Who is Tathagata Satpathy?
Meet the Indian parliamentarian who is tuned in and willing to speak his mind
New Delhi: Amidst the cacophony of aggressive voices from both the government and the opposition during the debate on the Jawaharlal Nehru University row and the death of Hyderabad University student Rohith Vemula, the speech by senior Biju Janata Dal (BJD) leader Tathagata Satpathy came as a breath of fresh air.
“I am heartbroken to say that the youth of the country doesn’t deserve us. We are the most undeserving set of people to be in this House today,” Satpathy, who represents Dhenkanal Lok Sabha constituency in the Lok Sabha, said.
He went on to say: “I am not interested in taking sides with any of these parties. I am here to hear who has a word of solace and point of solution to the problems that the nation is facing today. Is it only votes that matter? Is it just us and them?”
His speech went viral on social media with people praising him for taking the matter above politics. This is not the first time that Satpathy has stood out among other parliamentarians. On several other occasions in the past, he has articulated his views on women’s reservation, crimes against women, net neutrality, Section 377 and even legalisation of cannabis.
During an AMA (ask me anything) session on Reddit last year, Satpathy admitted that he had smoked cannabis. “While in college, I have smoked (and unlike Bill Clinton have inhaled) cannabis many a times. In villages of Orissa, many people openly smoke and, as their representative, I am not entitled to be judgmental.”
Speaking to Mint after his speech in Parliament, Satpathy said he speaks his mind, does not fear controversies and believes in change through debate.
The 59-year-old, also the chief whip of the BJD, is the son of Odisha’s only woman chief minister Nandini Satpathy. He is currently serving his fourth term as a member of the lower house of Parliament. A journalist by profession, Satpathy is the owner and editor of leading Odia daily Dharitri and English daily Orissa Post.
“We have been harping on rights for far too long. Time has changed to expose the wrongs,” Satpathy said. He added that it is time politicians start talking truthfully and make citizens conscious of their duties and responsibilities. “India is going through a churning. I am an optimist. I see good times ahead.”
Even during the monsoon session last year, when 25 Congress MPs were suspended, Satpathy spoke up in the lower house and made a strong plea against taking up any legislative business in the absence of MPs from several opposition parties, including Congress.

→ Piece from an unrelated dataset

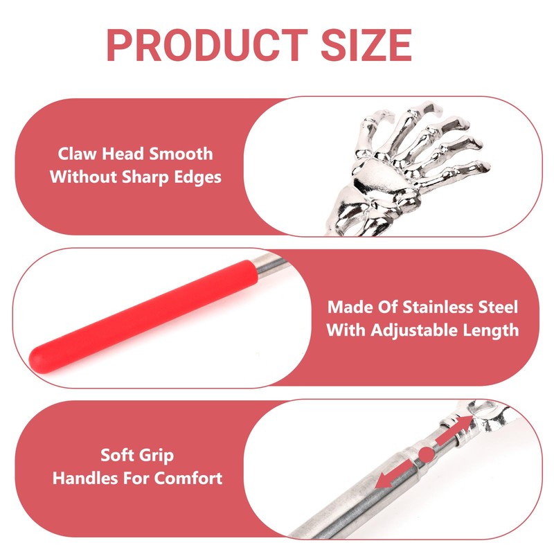 - ADJUSTABLE TELESCOPIC DESIGN - This length adjustable back scratcher allows you to easily reach hard-to-reach areas, providing instant relief from itching no matter your size.
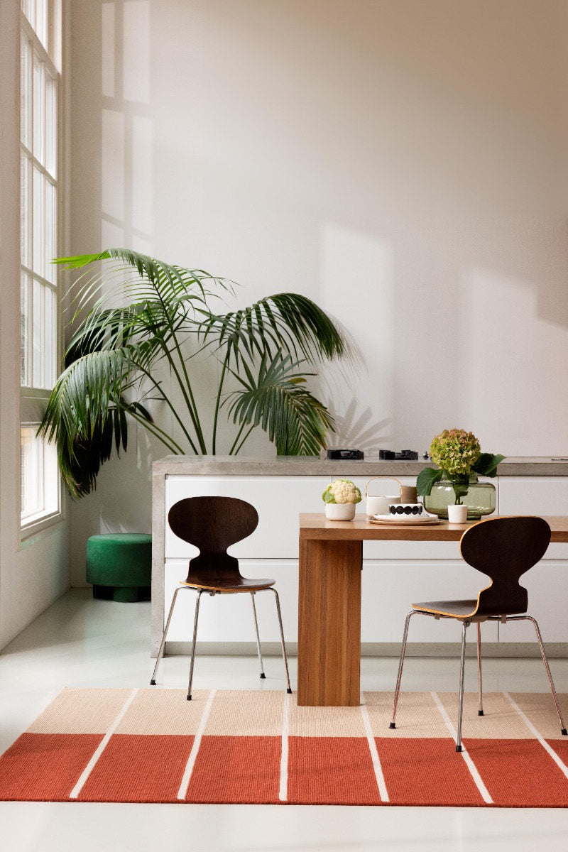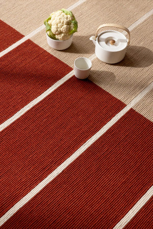 The warm tones and geometric design of the Tiibet rug make it a versatile addition to various interior styles, including modern, Scandinavian, and minimalist decors. Its bold stripes can anchor a living room, complement a dining area, or add a pop of color to a bedroom. The rug's neutral beige accents allow it to pair effortlessly with a range of furniture and color schemes, enhancing the overall aesthetic of your space.

Though Satpathy does not have a personal Twitter or Facebook account, his office runs a Twitter account on his behalf at @SatpathyLive. “I am more a print media guy. I regret to say that I am not very social media savvy, though I am very social. I love to sit down with my friends and chat,” he said.
His attendance record in the current Lok Sabha has been 93% as opposed to an average of 83% for parliamentarians. In the 16th Lok Sabha, he has participated in a total of 34 debates and asked three questions, according to the New Delhi-based PRS Legislative Research.
“Parliament is partisan when it comes to giving more time and importance to leaders from parties. Someone like Satpathy would be heard and much more noticed outside Parliament than inside. His is a sane and rational voice. The point that he made on Tuesday about us and them is very critical. The way we are, our politicians are, there seems to be no middle ground and in that way he was making a very important statement,” said Manisha Priyam, a New Delhi-based political analyst.